2,Just landed in North Carolina- heading to the ...,2016-11-07 19:30:12,"[land, north, carolina, head, js, dorton, aren..."


In [5]:
tvsdf2.head(3)

Unnamed: 0,text,date,tvs
0,Today we celebrate the lives and achievements ...,2019-03-21 21:12:05,"[celebr, live, achiev, american, syndrom, alwa..."
1,We are here today to take historic action to d...,2019-03-21 20:12:40,"[take, histor, action, defend, american, stude..."
2,After 52 years it is time for the United State...,2019-03-21 16:50:46,"[year, unit, fulli, recogn, israel, sovereignt..."


---
### calculate TF-IDF and perform SVD

In [6]:
# arg 2 - number of features
# arg 3 - number of PCs
svd1, v1 = tvs_to_svd(tvsdf1['tvs'], 
                      num_features=1000, 
                      num_comps=100)

svd2, v2 = tvs_to_svd(tvsdf2['tvs'], 
                      num_features=1000, 
                      num_comps=100)

print(svd1.components_.shape)
print(svd2.components_.shape)

(100, 1000)
(100, 1000)


---
### results

#### topics

In [7]:
# arg 3 - number of topics
# arg 4 - number of top words from PC to show
print_top_topics(svd1, v1, num_topics=3, num_words=30)


Topic 0: 
fals hillari clinton android poll crook say cruz said debat win bad watch total support job show run lead cant ted need jeb campaign fail beat last rubio know email 

Topic 1: 
hillari clinton crook email berni bad judgement sander rig isi said obama system run bill corrupt beat year total question fbi video want person husband decis scandal made lie dishonest 

Topic 2: 
cruz poll ted rubio carson iowa marco kasich jeb bush lead wow debat win lyin last senat show fail lightweight beat total number report campaign money said say candid john 



In [8]:
print_top_topics(svd2, v2, num_topics=3, num_words=30)


Topic 0: 
border job work wall secur tax crime fake senat militari must need american cut strong total deal come trade nation year elect hous win dem done unit meet hard endors 

Topic 1: 
border wall secur crime strong militari need endors vet tax amend southern love nd immigr must drug cut vote senat full law governor congressman congress open build weak tough stop 

Topic 2: 
korea trade north china meet deal unit tariff kim tax billion honor nation american year forward talk un work xi cut jong south dollar world pay first farmer negoti come 



#### finding tweets with terms of interest

In [9]:
print_twts_with_terms(tvsdf2, terms=['amend'], n=3)
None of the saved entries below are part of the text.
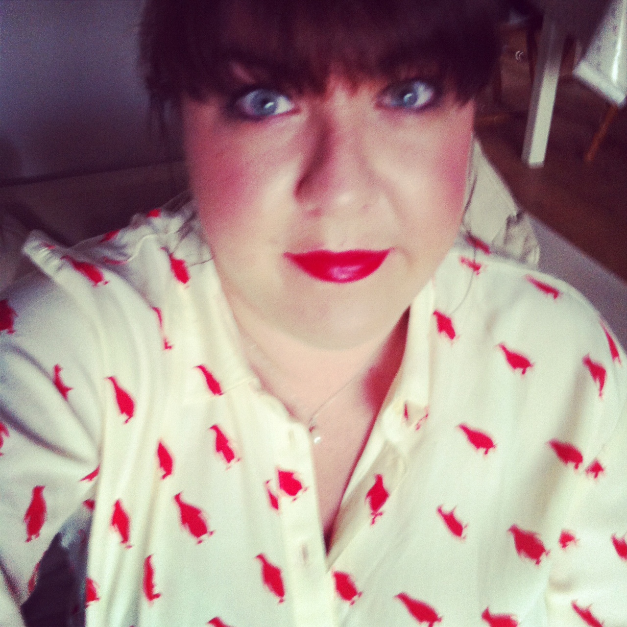 Then, to top it all off I went out drinking. Yes, drinking. Not to excess, but proper grown up drinks with a girlfriend, a good measure of pink wine and a sprinkling of bourbon. The Burberry lippie got another outing, as did my new favourite penguin shirt.
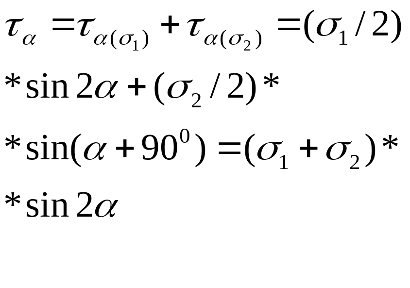 Следовательно наибольшее касательное напряжение действует под углом в 45 град к главным.
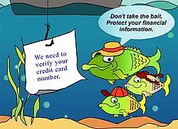 The term "phishing" was first recorded in 1995 in the cracking toolkit AOHell, but may have been used earlier in the hacker magazine 2600.[5][6][7] It is a variation of fishing and refers to the use of lures to "fish" for sensitive information.[6][8][9]
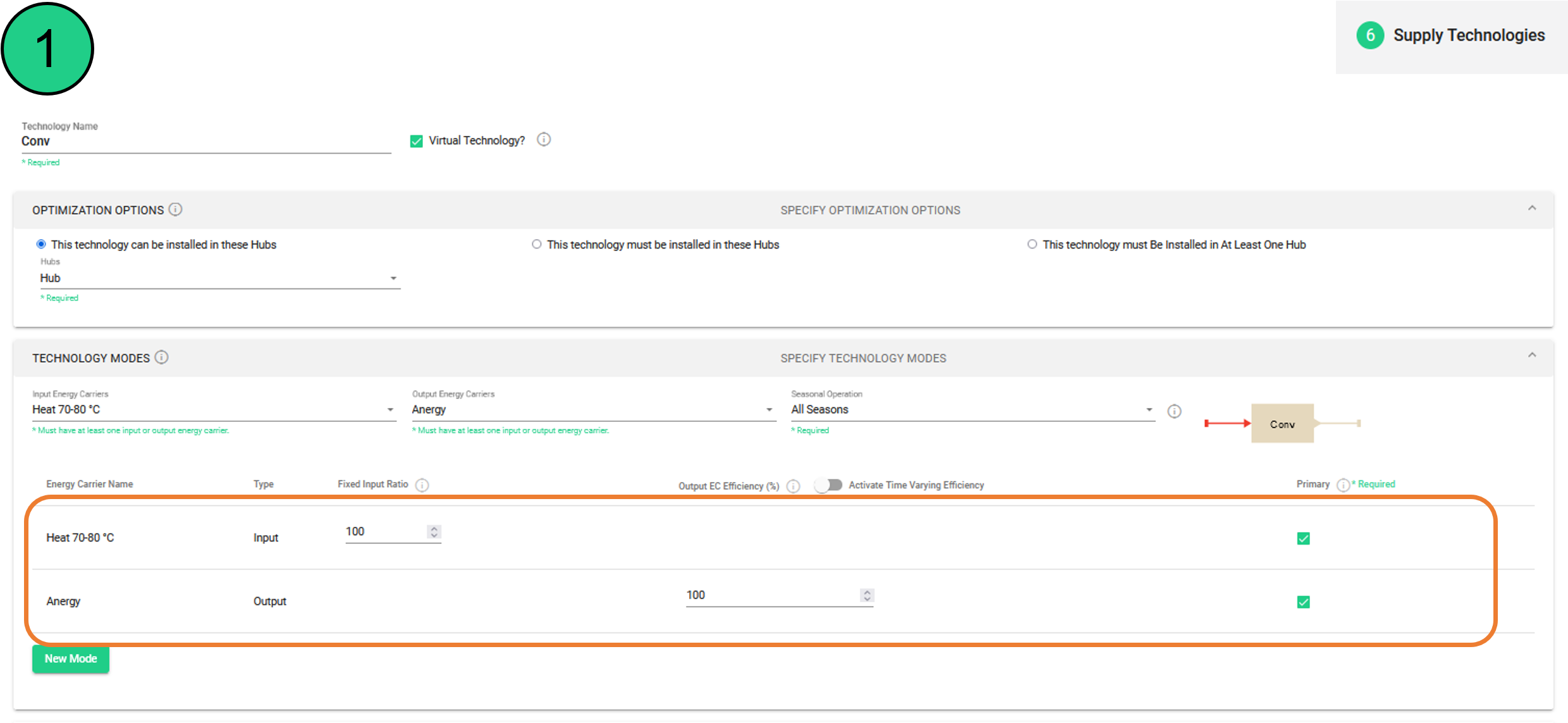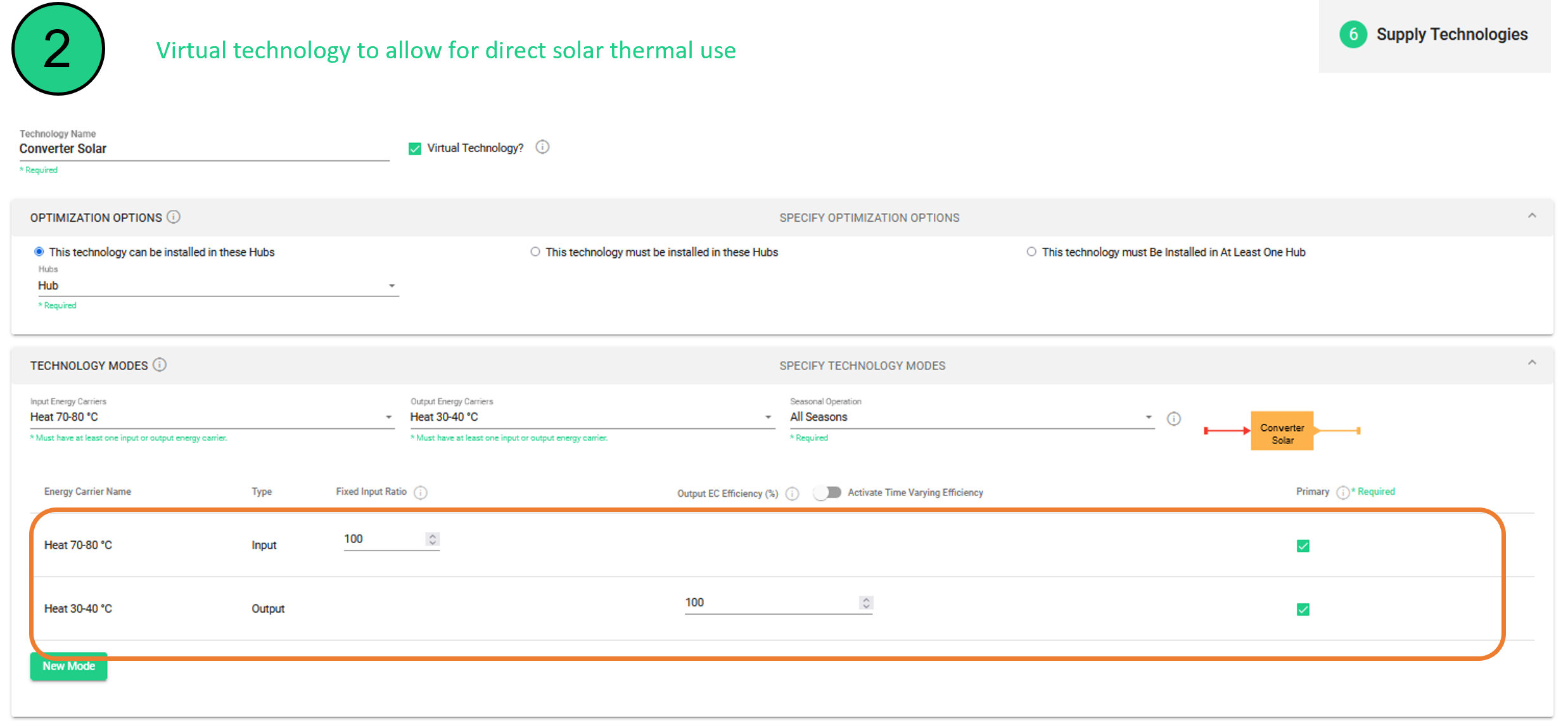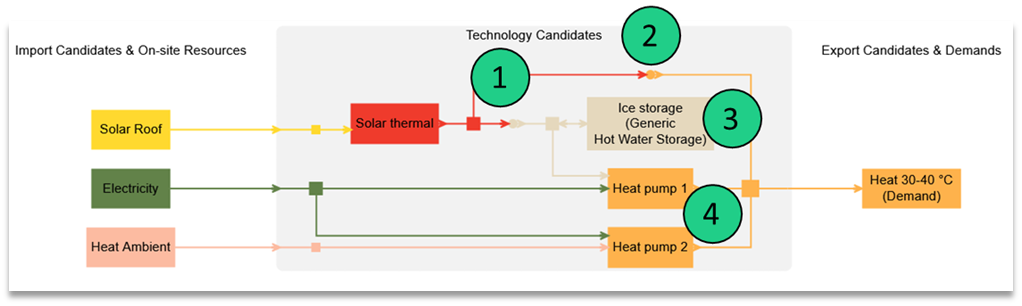 Solar thermal | Heat pump 1 | Heat pump 2 | Virtual technology Solar converter | Virtual technology Anergy converter | Ice storage (Generic Hot Water Storage) | ||||

tweet date: 2019-02-21 20:10:38
---
terms: ['senat', 'john', 'cornyn', 'done', 'outstand', 'job', 'texa', 'strong', 'crime', 'border', 'second', 'amend', 'love', 'militari', 'vet', 'john', 'complet', 'total', 'endors']
---
tweet: Senator John Cornyn has done an outstanding job for the people of Texas. He is strong on Crime the Border the Second Amendment and loves our Military and Vets. John has my complete and total endorsement. MAKE AMERICA GREAT AGAIN!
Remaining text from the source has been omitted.